OPEC is likely to cut oil production again, Pioneer Natural Resources CEO said at a Goldman Sachs Conference in Miami on Thursday.
Source: World Oil
“Saudi is not going to let Brent stay around $75 a barrel,” Scott Sheffield said, adding that it wouldn’t surprise him “if they had another cut.”
Sheffield believes that oil futures will stay in backwardation going forward, because “there is no liquidity in the market”. No one is hedging, Sheffield said, so there’s nothing to bring up the forward prices.
As for where Pioneer’s CEO sees oil headed, Sheffield sees the $80 a barrel mark as the base, with an upside of $150.
Back in the United States, Sheffield sees production from U.S. shale’s most prolific basin, the Permian, eventually hitting 7 million barrels per day. But after reaching this volume, it will plateau, with only Chevron, Pioneer, and Conoco having the ability to produce upwards of a million barrels per day of oil equivalent in the Permian by 2030. This, however, will be achieved with flat—or declining—rig counts as services prices run at what Sheffield feels is an untenable high.
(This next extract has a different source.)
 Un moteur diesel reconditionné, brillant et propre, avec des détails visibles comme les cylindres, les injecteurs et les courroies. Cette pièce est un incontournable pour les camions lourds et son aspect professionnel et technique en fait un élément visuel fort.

BMO Capital Markets said last month that more than two-thirds of the Permian’s premium land has already been drilled, leaving oil companies to look for permits beneath Midland. World Oil cited unknown analysts that projected the Permian could plateau within five years, with Permian’s two main zones pumping less oil per foot drilled in each new well.
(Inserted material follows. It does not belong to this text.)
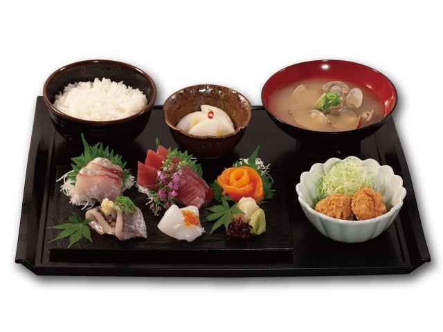 旨みが凝縮された熟成チルドポーク、サクッと香ばしい特製パン粉を使用した松のや自慢の看板メニュー「上ロースかつ」をメインに、すし松自慢の「刺身3点盛」と「あさりの味噌汁」が付いたこちらもボリューム満点の御膳。ライス大盛無料。
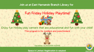 Join us for a fun holiday themed playtime! Experience fun and educational play centers with your child. These centers will ...

According to research firm Enverus, U.S. shale—carried mostly by the Permian—has provided 90% of the United States’ oil production growth over the last ten years. This slowdown in U.S. crude oil production and the prospect that U.S. shale can no longer respond quickly to changing market conditions has emboldened OPEC. The group led by Saudi Arabia likely now feels that it can keep prices elevated without a production response from the United States, Bank of America said last month.